= Exercise =
Please print, exactly, only the lines in the entries below from the line that has "हरिद्वार के मेला" through the line that has "Les participants aux journées de l'expression". Pictures don't go in.

= Records for the task =
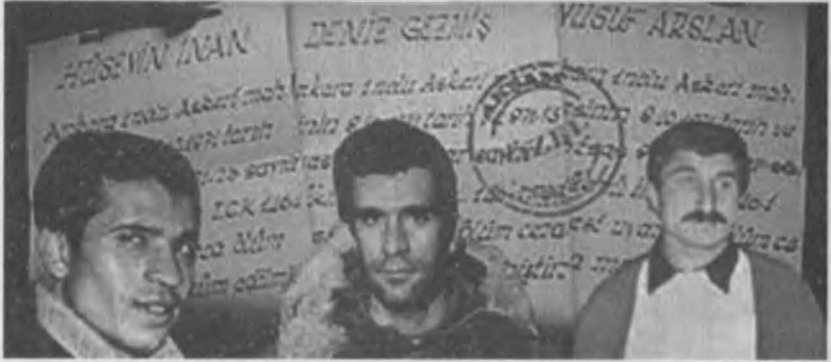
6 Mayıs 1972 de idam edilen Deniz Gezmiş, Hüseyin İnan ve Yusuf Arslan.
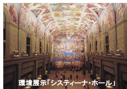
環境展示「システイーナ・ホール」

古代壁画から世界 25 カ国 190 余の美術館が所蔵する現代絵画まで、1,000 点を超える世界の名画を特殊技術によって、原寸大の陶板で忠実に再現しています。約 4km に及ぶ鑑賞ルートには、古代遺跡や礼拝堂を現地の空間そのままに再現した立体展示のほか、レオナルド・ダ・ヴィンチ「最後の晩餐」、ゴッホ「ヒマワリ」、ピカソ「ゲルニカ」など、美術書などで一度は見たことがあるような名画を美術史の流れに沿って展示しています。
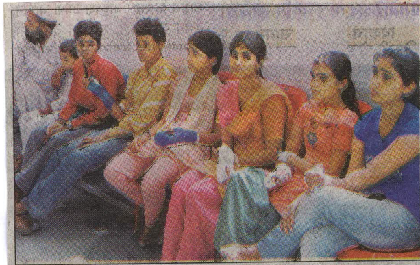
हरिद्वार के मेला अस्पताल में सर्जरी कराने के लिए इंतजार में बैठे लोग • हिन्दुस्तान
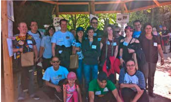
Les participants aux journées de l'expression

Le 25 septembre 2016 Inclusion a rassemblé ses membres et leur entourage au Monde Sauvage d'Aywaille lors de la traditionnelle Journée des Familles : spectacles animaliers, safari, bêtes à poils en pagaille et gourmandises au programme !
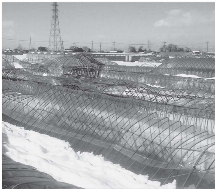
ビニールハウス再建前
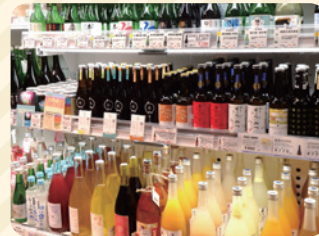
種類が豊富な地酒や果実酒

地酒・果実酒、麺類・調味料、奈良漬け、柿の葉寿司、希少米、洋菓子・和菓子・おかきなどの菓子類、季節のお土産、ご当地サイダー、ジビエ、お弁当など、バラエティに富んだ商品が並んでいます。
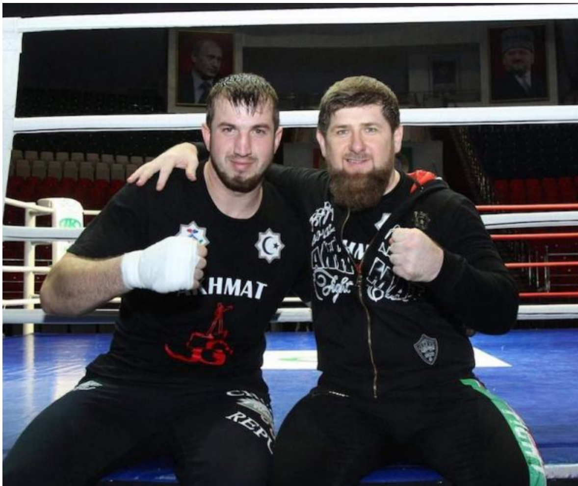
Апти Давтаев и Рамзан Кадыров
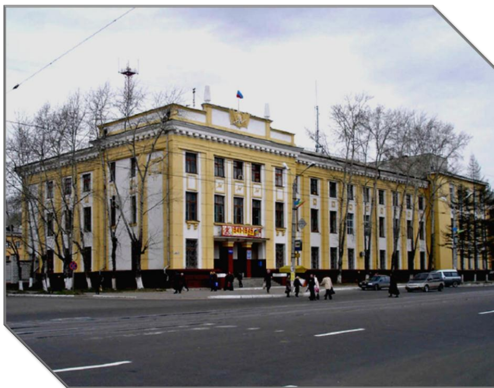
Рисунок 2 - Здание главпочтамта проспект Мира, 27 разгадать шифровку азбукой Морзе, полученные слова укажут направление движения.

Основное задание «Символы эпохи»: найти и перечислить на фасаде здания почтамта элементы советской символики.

---

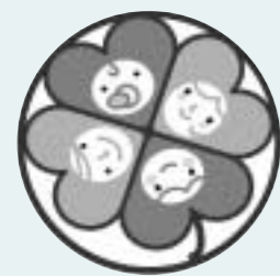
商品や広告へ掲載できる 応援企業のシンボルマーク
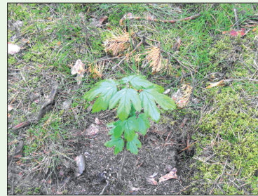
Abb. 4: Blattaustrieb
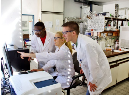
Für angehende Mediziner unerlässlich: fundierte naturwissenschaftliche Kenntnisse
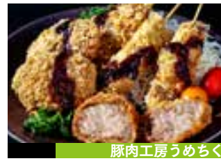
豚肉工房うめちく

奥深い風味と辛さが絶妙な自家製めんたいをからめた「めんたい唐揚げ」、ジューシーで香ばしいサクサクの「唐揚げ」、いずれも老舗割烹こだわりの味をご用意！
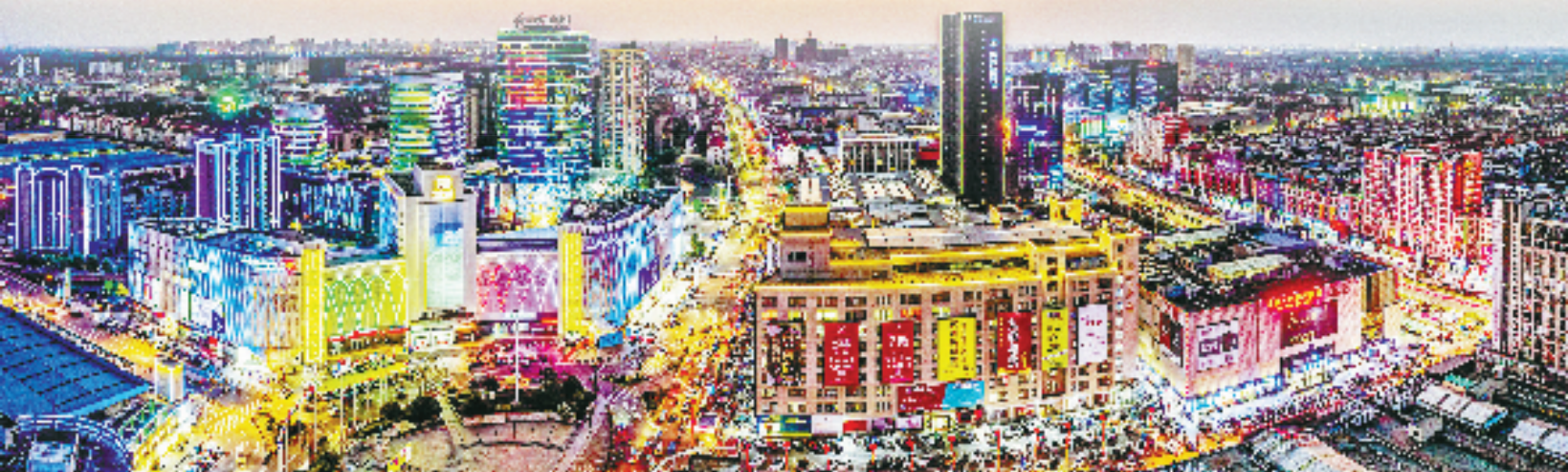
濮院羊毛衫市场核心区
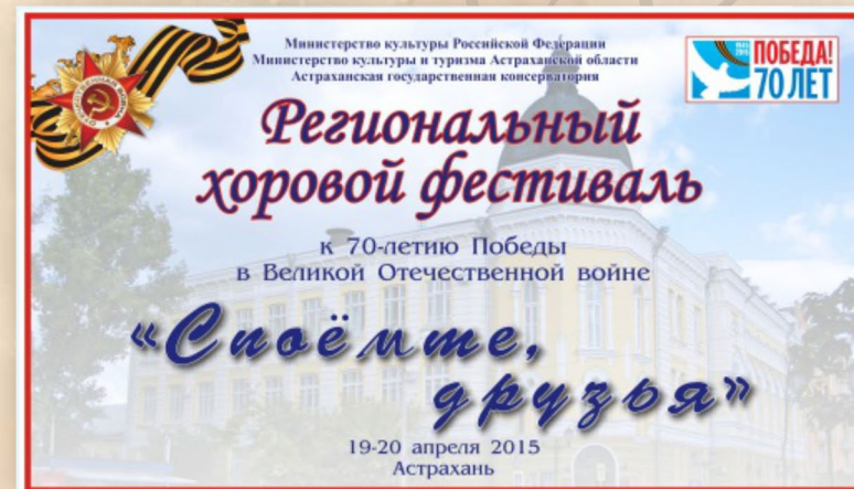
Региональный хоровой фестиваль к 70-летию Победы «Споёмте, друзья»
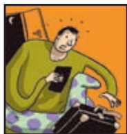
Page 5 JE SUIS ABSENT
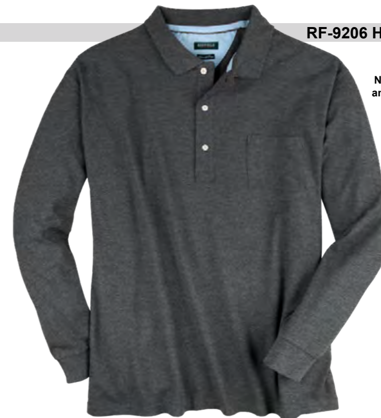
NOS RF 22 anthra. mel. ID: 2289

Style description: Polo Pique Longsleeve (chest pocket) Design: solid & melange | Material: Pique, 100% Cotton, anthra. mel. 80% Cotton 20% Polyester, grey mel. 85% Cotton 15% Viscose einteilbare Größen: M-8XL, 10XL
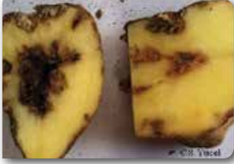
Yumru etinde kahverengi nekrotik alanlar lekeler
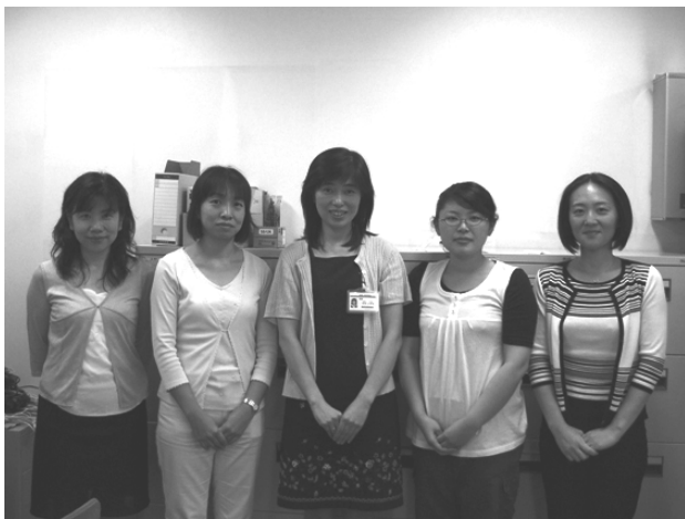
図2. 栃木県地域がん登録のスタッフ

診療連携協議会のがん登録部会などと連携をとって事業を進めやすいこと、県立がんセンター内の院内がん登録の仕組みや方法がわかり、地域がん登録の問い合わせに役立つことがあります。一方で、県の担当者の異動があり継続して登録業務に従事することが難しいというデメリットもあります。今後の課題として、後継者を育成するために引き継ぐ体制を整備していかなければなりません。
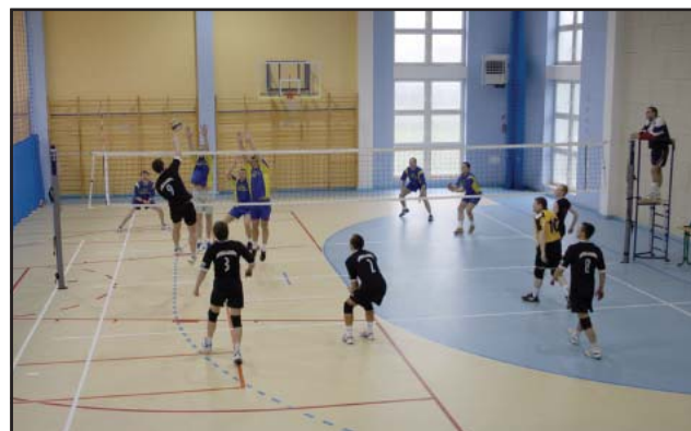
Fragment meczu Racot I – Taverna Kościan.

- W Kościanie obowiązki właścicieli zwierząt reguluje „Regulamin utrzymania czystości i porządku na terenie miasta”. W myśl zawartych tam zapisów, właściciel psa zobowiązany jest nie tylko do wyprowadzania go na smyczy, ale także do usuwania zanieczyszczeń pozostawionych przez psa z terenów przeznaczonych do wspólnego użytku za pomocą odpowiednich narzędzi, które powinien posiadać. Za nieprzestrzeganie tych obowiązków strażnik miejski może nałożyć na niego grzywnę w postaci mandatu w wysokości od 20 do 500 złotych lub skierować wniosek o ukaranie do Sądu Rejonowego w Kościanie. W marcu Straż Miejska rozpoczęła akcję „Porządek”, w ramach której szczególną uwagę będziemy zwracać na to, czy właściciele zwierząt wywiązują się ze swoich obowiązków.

= Task response =
हरिद्वार के मेला अस्पताल में सर्जरी कराने के लिए इंतजार में बैठे लोग • हिन्दुस्तान
Les participants aux journées de l'expression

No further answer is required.